■ Exercise prompt
Every line from the one with "Eine applizierte Kängurutasche" through the end of the entries below should be written out exactly; the pictures should not.

*** Opening of Records shown ***

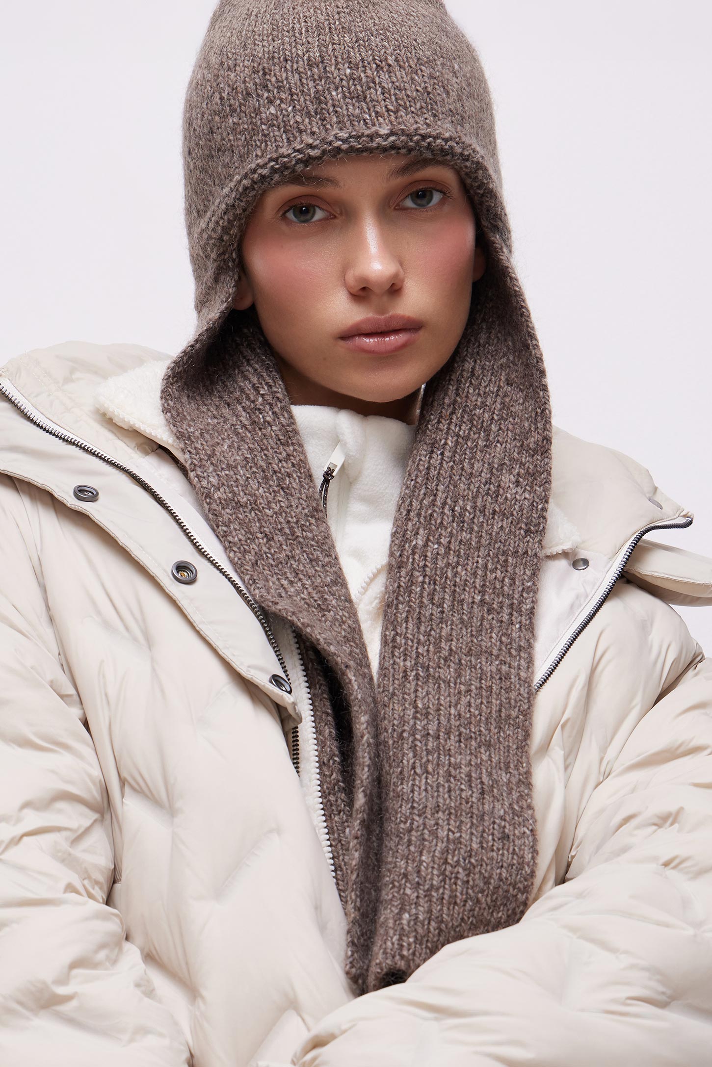 Модель дополнена вязаными длинными ушками по бокам которые можно использовать в качестве шарфа. Подходит для холодного времени года.
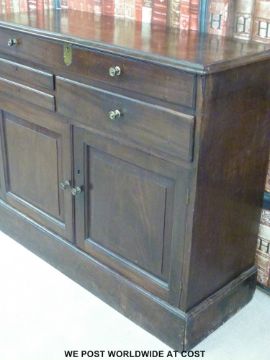 An unusual 19thC mahogany cabinet with lift-up lid, three drawers below and cupboard to base (W94 x D35 x H79cm)
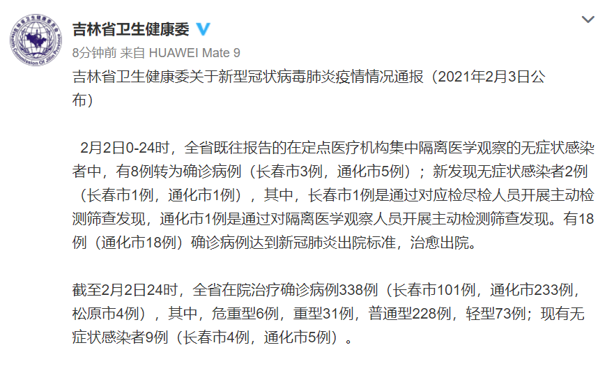 荔枝新闻讯 据吉林省卫健委官博消息,2月2日0-24时,全省既往报告的在定点医疗机构集中隔离医学观察的无症状感染者中,有8例转为确诊病例(长春市3例,通化市5例);新发现无症状感染者2例(长春市1例,通化市1例),其中,长春市1例是通过对应检尽检人员开展主动检测筛查发现,通化市1例是通过对隔离医学观察人员开展主动检测筛查发现。有18例(通化市18例)确诊病例达到新冠肺炎出院标准,治愈出院。
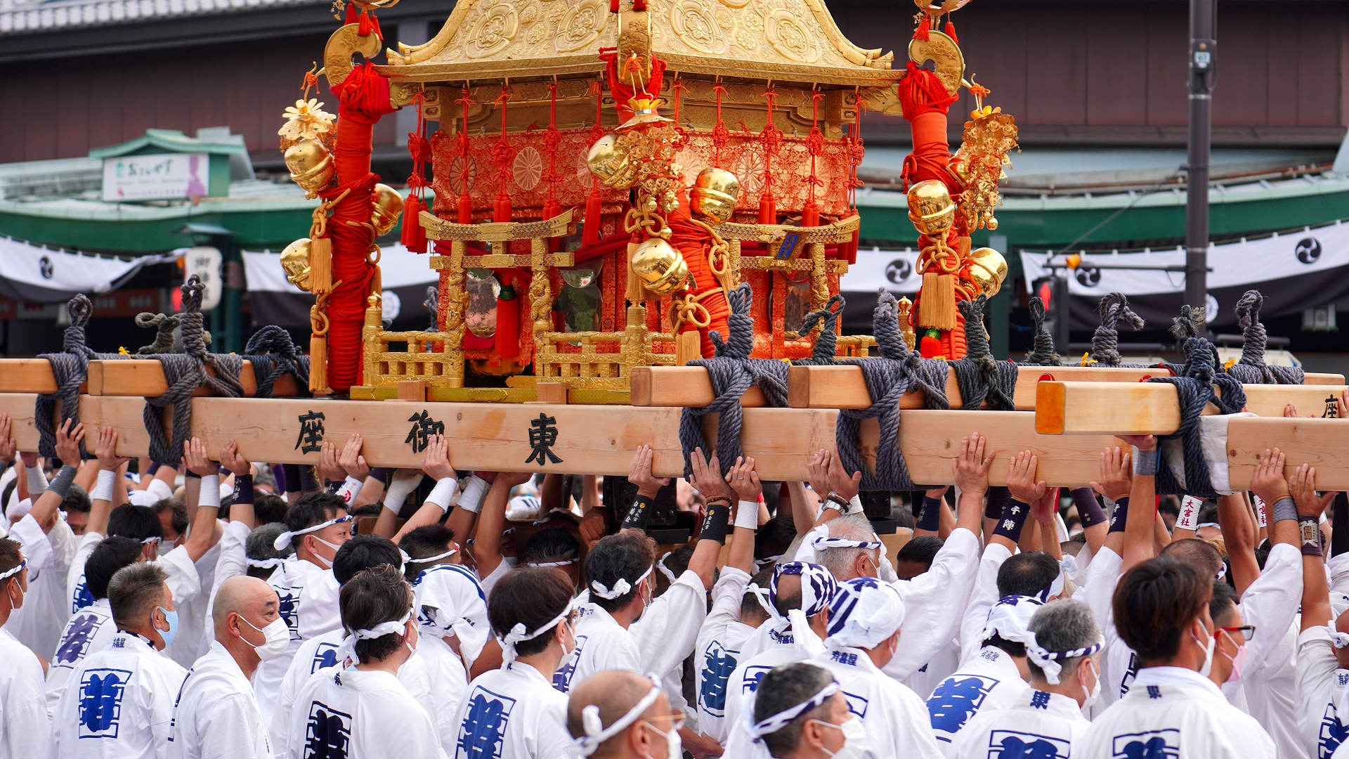 二番目の神輿は四若神輿会が奉仕する東御座、 屋根に擬宝珠をいただく四角形の神輿です…
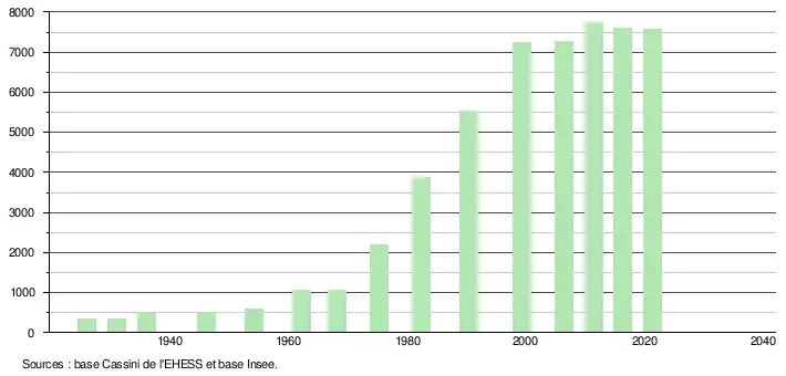 L'évolution du nombre d'habitants est connue à travers les recensements de la population effectués dans la commune depuis 1926. Pour les communes de moins de 10 000 habitants, une enquête de recensement portant sur toute la population est réalisée tous les cinq ans, les populations légales des années intermédiaires étant quant à elles estimées par interpolation ou extrapolation[15]. Pour la commune, le premier recensement exhaustif entrant dans le cadre du nouveau dispositif a été réalisé en 2006[16].
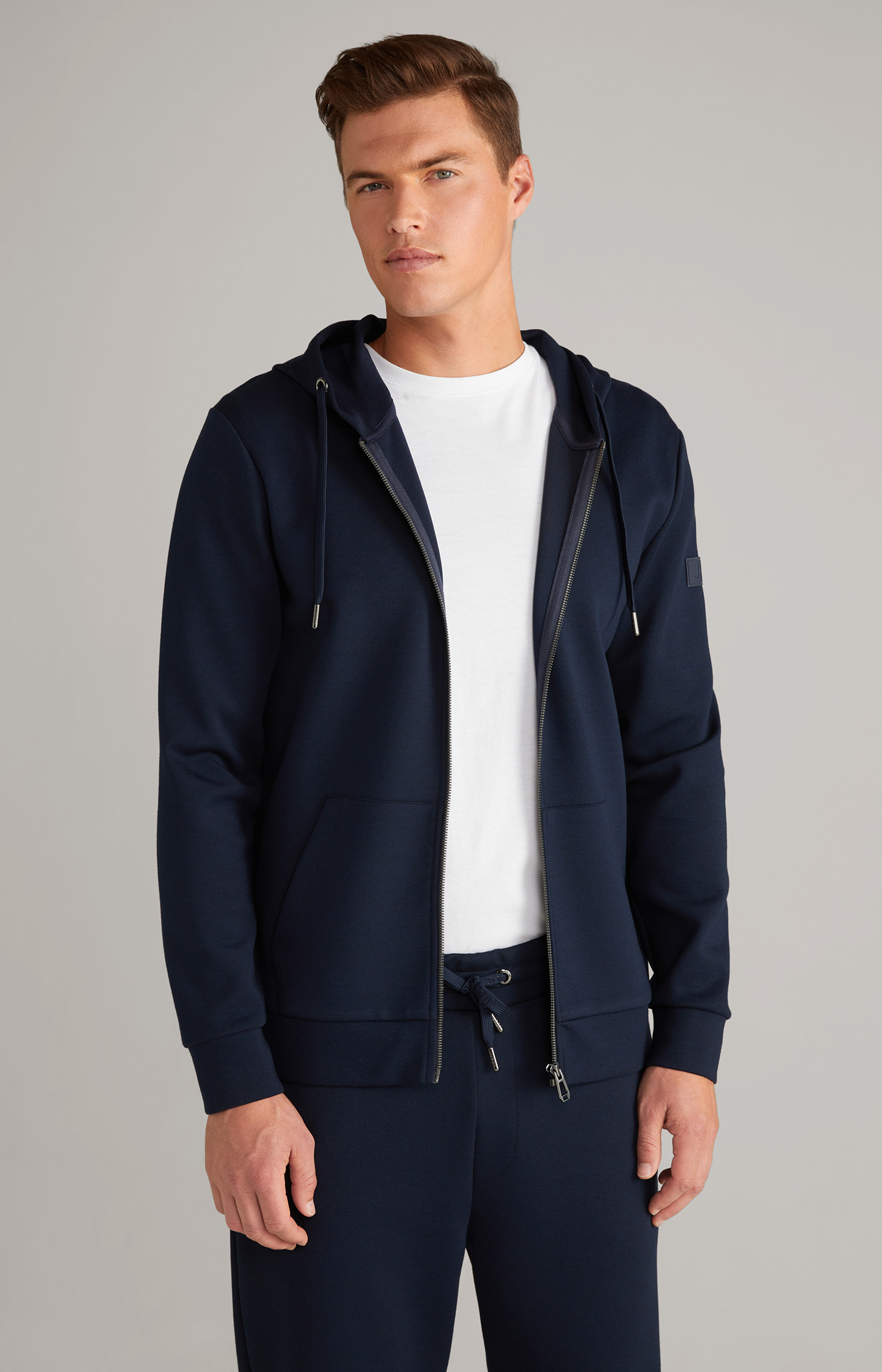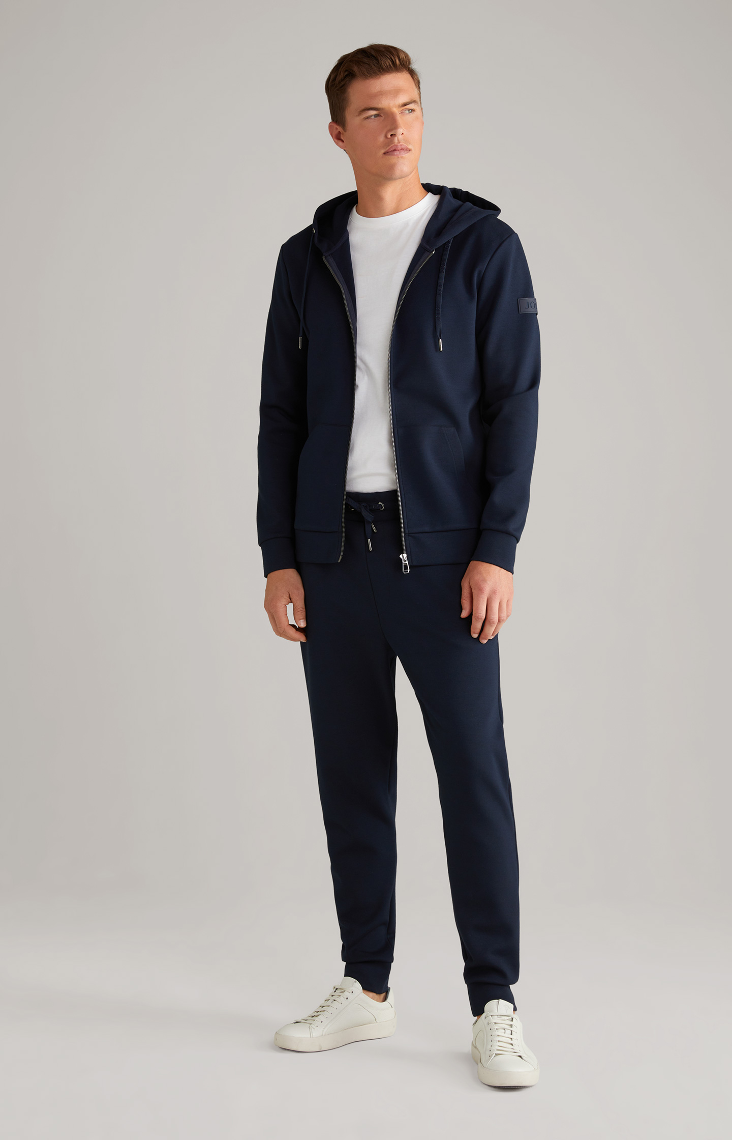 Eine applizierte Kängurutasche und die comfy Kapuze mit Tunnelzug und Logo-Branding zeichnen den urbanen Look der JOOP! Sweatjacke Stratos aus. Als praktikables Detail erweist sich der durchgängige Zipper, während die Sweat-Qualität mit Viskose den Tragekomfort maximiert. Im loungigen Look matcht Stratos perfekt mit der passenden Joggpants Stelios.
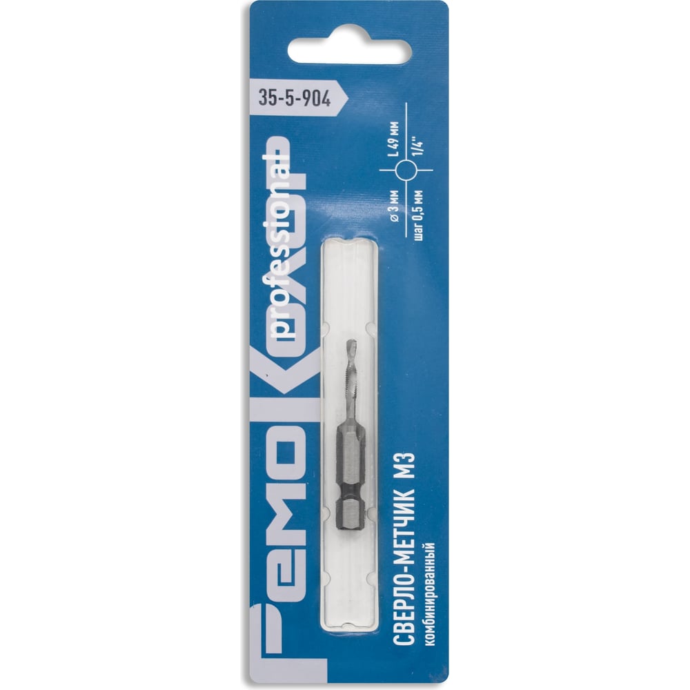 Сверло-метчик комбинированный М3, 3 мм, шаг 0.5 мм, длина 49 мм, хвостовик 1/4", РемоКолор 35-5-904

*** Close of Records shown ***

■ Exercise answer
 Eine applizierte Kängurutasche und die comfy Kapuze mit Tunnelzug und Logo-Branding zeichnen den urbanen Look der JOOP! Sweatjacke Stratos aus. Als praktikables Detail erweist sich der durchgängige Zipper, während die Sweat-Qualität mit Viskose den Tragekomfort maximiert. Im loungigen Look matcht Stratos perfekt mit der passenden Joggpants Stelios.
 Сверло-метчик комбинированный М3, 3 мм, шаг 0.5 мм, длина 49 мм, хвостовик 1/4", РемоКолор 35-5-904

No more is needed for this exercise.